Banner King of Chaos, Director of Illumination & Head of Printer Operations

 

Banner the ornage cat reves up with a cup of Joe before planning his daily does of chaos

The Internet Is Full of Cute Cats… But None Like Mine

The internet is overflowing with adorable felines.

There are the upside‑down cuddlers, Doug the 1‑der Cat and his lobster alter‑ego, the Business Cats, and the Canadian trio — Pudding, Onyx, and Olive — who run the Oreo Cat empire. Milo and Poppy (the black cat who never blinks) always deliver drama, and Maisie is the newest chaos intern in that household. Walter the Wizard Cat casts spells daily. If you displease him you will be sent to the VOID.

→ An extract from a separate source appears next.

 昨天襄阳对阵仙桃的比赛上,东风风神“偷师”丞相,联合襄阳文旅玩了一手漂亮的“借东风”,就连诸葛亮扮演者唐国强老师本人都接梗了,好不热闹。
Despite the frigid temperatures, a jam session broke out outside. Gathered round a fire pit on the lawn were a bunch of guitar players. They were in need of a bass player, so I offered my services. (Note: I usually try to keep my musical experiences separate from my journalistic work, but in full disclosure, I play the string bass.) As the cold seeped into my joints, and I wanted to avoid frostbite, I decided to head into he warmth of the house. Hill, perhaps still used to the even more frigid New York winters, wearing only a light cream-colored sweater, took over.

And then there are Kurt and Gary — the emotional support duo of the entire internet. Kurt, with his soulful eyes and “I’ve seen things” expression, radiates the energy of a cat who has read your diary and still loves you. Gary, meanwhile, is pure serotonin in whisker form — the kind of cat who could fix a bad day just by existing. Together they’re the quiet heartbeat of Cat Internet, the ones you check on like old friends.

I love them all.
But none of them — none — get into the kind of nonsense Banner does.

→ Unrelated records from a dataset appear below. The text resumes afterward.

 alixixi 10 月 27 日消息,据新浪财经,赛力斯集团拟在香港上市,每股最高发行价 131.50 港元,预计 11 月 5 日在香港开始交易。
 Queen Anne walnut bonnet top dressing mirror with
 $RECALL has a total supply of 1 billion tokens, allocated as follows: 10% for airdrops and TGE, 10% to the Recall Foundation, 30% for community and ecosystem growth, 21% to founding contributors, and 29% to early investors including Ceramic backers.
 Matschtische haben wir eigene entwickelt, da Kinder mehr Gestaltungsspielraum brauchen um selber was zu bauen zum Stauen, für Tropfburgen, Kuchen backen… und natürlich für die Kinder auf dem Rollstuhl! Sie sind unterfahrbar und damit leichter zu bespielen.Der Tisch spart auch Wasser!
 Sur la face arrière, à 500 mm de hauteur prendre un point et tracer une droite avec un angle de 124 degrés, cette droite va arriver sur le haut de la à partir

Banner’s Resume: Director of Illumination

You may recall Banner’s 3 a.m. hobby: turning on the bathroom light.
Not with a paw tap.
Not with a gentle nudge.
No — with bite marks in the switch.

Every light switch in this house is now in protective custody behind child‑proof covers. Banner considers this a personal challenge.

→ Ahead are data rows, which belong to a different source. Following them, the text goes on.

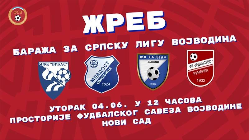 U prostorijama Fudbalskog saveza Vojvodine u Novom sadu, sutra će se obaviti žreb za baraž utakmice oko popune jednog mesta u Srpskoj ligi, Vojvodina.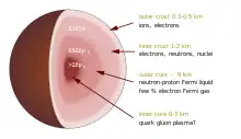 En la superficie, la presión es lo suficientemente baja como para que los núcleos convencionales, como el helio y el hierro, puedan existir independientemente unos de otros y no se aplasten entre sí debido a la repulsión mutua de Coulomb de sus núcleos.[5] En el núcleo, la presión es tan grande que esta repulsión de Coulomb no puede soportar núcleos individuales, y debería existir alguna forma de materia ultradensa, como el teorizado plasma de quarks-gluones.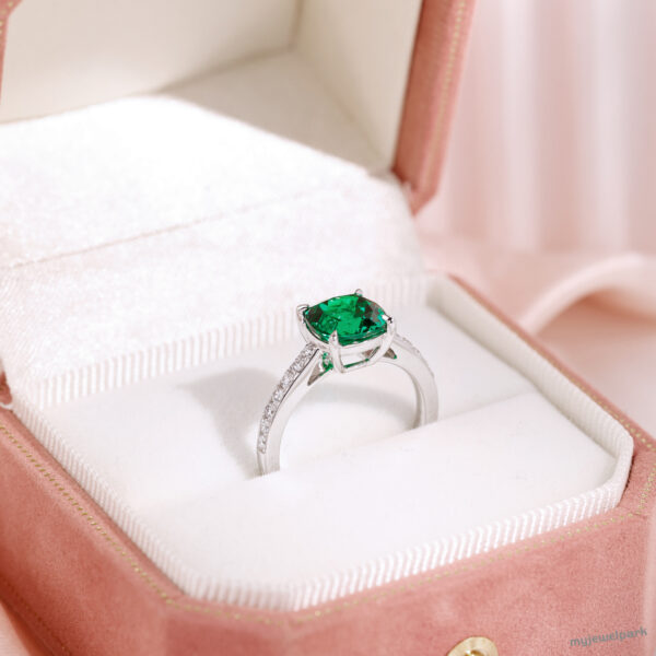 This 18K white gold ring features a vibrant 3.42ct lab-grown emerald that catches the light—and attention—from every angle. Set in a classic four-prong style with a sleek half-diamond band, it’s the kind of timeless elegance that never goes out of style. Whether you’re celebrating a milestone or just treating yourself (as you should!), this ring is designed to make you feel effortlessly radiant, every single day.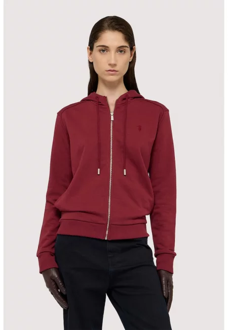 Характеристики Тип продукт: суитшър Цвят: крем Принт: без принт Кройка: стандартна Закопчаване: цип Материал: полиестер - еластан Ръкави: маншети с цип Дължина ръкав: дълъг ръкав Джобове: 2 скосени Детайли: асиметричен подгъв Състав Външна част: 63% памук - 37% полиестер

Nanaki, the orange upside‑down kitty, might give him a run for his money — Nanaki recently learned to turn on the oven.

Meet Nanki and his long suffering hooman

Banner hasn’t figured that out yet, but he does enjoy warming his behind on mine whenever it’s on. So we’re… halfway there.

And Now: Head of Printer Operations

But here’s where Banner truly sets himself apart.

Banner has decided the printer is his personal chaos button, and he is committed to pressing it at every opportunity.

This cat has exactly two modes:

  1. Sleeping like a Victorian child in a painting
  2. Causing administrative disasters

He’s not trying to print anything.
He’s summoning the Paper Spirits.
In his little cat brain, the logic is simple:

“I push this button, and the house makes snow.”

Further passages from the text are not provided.